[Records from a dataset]
_ _ _

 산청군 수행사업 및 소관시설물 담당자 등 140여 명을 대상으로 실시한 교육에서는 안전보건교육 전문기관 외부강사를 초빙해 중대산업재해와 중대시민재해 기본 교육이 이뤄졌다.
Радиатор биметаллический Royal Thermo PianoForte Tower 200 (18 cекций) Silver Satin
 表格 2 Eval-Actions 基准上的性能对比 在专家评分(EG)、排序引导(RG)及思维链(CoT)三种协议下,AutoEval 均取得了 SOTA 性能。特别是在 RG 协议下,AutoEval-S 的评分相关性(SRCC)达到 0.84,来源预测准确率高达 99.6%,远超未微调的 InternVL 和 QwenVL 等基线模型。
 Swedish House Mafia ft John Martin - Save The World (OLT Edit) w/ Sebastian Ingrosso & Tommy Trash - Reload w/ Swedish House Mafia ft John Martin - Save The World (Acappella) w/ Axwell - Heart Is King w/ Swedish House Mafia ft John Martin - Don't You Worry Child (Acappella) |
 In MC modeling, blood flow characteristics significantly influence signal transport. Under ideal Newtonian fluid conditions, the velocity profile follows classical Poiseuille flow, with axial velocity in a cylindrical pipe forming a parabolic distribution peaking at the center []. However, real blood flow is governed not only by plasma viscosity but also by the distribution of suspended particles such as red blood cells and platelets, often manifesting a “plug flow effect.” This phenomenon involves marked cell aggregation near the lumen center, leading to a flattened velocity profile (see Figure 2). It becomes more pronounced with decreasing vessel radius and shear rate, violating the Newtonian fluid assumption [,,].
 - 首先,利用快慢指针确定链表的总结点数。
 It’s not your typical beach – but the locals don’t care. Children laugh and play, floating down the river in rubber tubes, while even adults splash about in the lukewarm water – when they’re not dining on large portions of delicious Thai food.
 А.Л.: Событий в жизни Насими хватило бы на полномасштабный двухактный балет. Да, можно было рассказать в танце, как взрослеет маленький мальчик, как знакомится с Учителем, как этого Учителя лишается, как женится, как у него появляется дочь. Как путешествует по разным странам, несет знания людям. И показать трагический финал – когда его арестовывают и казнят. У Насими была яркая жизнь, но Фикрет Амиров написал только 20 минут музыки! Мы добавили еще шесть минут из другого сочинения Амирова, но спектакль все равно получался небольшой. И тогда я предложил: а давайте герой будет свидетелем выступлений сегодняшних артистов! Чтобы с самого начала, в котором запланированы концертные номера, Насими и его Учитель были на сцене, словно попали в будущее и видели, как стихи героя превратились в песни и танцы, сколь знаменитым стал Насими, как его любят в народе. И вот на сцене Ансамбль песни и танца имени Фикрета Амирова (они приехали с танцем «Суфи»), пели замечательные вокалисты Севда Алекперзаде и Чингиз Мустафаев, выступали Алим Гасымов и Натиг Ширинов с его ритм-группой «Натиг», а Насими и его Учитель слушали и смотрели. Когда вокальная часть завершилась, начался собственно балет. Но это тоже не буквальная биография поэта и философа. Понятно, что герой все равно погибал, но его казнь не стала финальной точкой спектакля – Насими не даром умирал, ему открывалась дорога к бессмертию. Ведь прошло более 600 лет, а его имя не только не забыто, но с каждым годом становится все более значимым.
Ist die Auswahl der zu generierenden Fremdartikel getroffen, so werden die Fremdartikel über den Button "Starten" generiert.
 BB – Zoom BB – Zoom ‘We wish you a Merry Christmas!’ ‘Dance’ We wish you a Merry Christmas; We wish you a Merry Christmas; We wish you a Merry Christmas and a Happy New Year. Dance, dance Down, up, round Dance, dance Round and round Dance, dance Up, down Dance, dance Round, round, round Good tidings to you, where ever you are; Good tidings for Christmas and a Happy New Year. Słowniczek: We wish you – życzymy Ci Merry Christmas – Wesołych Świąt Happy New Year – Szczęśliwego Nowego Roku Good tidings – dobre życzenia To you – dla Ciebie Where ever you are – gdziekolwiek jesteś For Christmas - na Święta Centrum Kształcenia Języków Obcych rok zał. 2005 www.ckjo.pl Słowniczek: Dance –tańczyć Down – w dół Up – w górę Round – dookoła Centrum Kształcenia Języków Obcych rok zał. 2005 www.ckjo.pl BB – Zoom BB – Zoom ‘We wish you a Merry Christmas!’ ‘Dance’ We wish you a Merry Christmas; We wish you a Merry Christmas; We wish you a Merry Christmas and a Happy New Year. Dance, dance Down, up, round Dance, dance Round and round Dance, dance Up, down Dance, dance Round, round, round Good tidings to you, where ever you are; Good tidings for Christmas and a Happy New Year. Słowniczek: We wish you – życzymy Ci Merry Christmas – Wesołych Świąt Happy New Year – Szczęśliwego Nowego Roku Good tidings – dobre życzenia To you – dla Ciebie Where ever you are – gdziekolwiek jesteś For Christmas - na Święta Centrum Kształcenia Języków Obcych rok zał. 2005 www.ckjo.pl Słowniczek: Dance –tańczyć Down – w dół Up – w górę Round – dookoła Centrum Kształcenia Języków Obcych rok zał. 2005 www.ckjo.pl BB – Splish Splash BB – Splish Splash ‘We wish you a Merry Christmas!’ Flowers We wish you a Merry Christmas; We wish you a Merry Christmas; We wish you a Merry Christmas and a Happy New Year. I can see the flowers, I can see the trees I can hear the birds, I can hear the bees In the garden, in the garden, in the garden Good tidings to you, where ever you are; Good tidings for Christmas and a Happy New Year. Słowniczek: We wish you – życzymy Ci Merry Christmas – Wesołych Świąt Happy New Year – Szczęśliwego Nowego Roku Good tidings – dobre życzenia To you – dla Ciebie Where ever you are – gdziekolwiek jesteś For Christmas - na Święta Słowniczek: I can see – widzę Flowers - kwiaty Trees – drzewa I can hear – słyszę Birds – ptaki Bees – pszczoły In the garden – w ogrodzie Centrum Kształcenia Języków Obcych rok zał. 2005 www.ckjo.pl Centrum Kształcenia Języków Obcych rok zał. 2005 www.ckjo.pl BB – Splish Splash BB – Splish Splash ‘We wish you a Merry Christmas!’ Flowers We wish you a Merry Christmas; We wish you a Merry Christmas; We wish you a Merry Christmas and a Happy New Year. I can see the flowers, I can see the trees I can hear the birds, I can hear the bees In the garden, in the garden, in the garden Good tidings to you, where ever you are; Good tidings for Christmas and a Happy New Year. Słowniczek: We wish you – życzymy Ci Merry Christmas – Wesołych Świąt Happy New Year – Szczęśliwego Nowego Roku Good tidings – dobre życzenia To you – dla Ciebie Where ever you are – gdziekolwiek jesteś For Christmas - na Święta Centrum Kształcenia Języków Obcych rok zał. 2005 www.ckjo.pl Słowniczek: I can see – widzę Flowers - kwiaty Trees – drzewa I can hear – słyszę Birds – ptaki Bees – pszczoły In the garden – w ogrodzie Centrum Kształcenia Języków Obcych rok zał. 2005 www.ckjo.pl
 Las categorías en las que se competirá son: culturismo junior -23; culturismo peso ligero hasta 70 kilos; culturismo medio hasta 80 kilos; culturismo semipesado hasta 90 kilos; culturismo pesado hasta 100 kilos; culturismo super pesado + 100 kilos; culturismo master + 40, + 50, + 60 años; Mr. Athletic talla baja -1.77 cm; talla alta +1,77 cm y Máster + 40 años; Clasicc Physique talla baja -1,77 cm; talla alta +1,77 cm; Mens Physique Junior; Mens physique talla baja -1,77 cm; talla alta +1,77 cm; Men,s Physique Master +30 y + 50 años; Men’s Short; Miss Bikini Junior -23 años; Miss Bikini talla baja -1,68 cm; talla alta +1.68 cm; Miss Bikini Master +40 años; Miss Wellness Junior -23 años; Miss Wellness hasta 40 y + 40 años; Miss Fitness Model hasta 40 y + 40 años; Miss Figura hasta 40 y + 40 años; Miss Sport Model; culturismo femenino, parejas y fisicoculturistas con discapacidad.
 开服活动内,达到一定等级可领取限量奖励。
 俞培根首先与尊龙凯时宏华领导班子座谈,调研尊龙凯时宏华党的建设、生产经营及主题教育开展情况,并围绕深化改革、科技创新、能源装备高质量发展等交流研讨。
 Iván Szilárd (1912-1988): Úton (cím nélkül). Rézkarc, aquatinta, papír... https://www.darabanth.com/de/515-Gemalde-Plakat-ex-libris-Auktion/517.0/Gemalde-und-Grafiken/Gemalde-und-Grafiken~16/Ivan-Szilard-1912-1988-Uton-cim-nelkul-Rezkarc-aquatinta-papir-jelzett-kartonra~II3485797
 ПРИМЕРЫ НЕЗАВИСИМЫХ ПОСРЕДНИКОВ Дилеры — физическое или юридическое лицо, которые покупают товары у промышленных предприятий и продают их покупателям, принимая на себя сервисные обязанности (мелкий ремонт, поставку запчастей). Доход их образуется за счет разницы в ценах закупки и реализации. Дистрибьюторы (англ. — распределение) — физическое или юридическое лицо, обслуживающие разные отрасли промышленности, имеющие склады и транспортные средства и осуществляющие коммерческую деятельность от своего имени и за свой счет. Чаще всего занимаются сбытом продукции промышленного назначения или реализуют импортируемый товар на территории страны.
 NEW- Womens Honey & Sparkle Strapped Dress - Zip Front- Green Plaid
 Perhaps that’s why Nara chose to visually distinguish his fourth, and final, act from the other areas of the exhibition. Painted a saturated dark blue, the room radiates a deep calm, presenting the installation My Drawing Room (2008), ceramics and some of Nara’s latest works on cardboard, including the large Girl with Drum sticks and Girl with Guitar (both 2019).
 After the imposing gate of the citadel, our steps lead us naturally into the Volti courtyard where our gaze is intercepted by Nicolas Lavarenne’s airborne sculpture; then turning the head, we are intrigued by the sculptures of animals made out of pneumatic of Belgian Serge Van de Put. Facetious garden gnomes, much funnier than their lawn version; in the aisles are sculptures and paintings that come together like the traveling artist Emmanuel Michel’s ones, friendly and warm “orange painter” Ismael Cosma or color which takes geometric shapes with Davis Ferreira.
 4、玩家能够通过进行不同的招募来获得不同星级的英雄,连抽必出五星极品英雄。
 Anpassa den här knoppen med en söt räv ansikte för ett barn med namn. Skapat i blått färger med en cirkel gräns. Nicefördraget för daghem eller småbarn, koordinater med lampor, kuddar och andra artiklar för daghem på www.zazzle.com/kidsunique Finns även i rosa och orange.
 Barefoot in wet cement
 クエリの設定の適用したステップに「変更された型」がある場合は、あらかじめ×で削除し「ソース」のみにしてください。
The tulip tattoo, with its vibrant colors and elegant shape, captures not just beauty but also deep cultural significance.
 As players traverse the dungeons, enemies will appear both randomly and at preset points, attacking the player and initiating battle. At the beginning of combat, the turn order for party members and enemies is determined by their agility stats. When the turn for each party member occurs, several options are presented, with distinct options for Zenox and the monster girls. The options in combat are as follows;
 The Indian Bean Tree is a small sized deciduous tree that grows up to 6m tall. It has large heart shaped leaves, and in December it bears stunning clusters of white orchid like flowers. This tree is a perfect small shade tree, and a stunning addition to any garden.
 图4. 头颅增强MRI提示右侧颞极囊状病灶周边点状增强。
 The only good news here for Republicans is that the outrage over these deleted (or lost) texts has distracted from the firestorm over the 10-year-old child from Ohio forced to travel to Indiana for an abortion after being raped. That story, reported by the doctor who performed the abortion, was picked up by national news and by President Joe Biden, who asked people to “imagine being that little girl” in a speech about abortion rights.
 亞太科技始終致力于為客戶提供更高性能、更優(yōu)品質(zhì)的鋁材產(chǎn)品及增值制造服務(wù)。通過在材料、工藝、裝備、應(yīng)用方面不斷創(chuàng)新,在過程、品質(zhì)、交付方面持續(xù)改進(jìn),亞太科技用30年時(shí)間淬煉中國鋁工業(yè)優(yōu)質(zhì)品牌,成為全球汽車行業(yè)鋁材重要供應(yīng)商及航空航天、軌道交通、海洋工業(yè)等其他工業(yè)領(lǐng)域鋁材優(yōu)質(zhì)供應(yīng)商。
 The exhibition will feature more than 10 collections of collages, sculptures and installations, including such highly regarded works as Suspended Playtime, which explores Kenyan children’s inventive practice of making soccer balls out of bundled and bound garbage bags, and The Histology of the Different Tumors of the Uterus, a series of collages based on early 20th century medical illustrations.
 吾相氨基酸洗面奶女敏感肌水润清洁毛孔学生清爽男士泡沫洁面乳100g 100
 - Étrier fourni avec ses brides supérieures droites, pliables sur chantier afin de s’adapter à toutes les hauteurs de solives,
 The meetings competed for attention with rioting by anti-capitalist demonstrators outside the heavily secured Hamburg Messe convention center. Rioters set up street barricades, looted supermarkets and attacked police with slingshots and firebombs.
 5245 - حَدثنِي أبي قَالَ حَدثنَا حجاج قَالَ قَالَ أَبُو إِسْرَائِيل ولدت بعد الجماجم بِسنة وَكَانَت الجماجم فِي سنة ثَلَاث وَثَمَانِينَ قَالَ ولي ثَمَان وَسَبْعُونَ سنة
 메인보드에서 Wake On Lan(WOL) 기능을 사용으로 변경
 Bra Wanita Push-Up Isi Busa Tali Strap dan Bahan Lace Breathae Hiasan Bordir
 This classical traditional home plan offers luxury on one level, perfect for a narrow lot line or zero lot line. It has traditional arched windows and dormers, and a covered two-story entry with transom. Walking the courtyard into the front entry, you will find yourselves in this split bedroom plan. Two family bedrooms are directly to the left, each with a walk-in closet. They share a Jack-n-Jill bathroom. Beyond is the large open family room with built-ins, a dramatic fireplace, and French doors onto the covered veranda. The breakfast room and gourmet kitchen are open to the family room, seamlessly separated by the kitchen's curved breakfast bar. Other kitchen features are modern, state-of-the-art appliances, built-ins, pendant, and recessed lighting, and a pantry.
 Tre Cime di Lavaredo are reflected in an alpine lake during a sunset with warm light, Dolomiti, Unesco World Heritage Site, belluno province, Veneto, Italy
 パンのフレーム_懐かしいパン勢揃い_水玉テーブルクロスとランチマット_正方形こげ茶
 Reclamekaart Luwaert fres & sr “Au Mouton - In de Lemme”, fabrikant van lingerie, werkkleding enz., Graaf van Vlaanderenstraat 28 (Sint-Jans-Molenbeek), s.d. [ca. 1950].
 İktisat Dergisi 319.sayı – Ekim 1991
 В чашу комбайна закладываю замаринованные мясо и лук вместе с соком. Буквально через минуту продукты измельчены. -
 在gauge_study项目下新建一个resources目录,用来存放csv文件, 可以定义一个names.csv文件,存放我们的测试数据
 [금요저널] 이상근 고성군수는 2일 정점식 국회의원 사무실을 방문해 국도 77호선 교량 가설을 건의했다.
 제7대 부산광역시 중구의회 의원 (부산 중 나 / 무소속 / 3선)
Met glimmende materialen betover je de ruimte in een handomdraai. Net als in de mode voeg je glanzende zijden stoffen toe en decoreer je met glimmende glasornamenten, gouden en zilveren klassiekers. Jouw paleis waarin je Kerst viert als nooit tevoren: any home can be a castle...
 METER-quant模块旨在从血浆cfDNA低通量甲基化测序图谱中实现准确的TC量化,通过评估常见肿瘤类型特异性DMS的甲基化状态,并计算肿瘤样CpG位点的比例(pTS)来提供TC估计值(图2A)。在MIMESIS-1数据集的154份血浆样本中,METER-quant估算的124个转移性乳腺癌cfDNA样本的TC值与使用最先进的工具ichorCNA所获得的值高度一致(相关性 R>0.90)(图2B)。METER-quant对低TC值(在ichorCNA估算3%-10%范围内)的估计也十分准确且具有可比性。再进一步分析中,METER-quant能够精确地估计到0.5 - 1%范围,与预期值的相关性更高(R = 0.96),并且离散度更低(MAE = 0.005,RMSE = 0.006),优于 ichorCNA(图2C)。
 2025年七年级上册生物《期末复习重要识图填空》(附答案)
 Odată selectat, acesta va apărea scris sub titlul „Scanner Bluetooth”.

_ _ _

THE PROBLEM
The lines above that hold the word "center" are the ones to copy.

RESPONSE TO THE TASK
 In MC modeling, blood flow characteristics significantly influence signal transport. Under ideal Newtonian fluid conditions, the velocity profile follows classical Poiseuille flow, with axial velocity in a cylindrical pipe forming a parabolic distribution peaking at the center []. However, real blood flow is governed not only by plasma viscosity but also by the distribution of suspended particles such as red blood cells and platelets, often manifesting a “plug flow effect.” This phenomenon involves marked cell aggregation near the lumen center, leading to a flattened velocity profile (see Figure 2). It becomes more pronounced with decreasing vessel radius and shear rate, violating the Newtonian fluid assumption [,,].
 The meetings competed for attention with rioting by anti-capitalist demonstrators outside the heavily secured Hamburg Messe convention center. Rioters set up street barricades, looted supermarkets and attacked police with slingshots and firebombs.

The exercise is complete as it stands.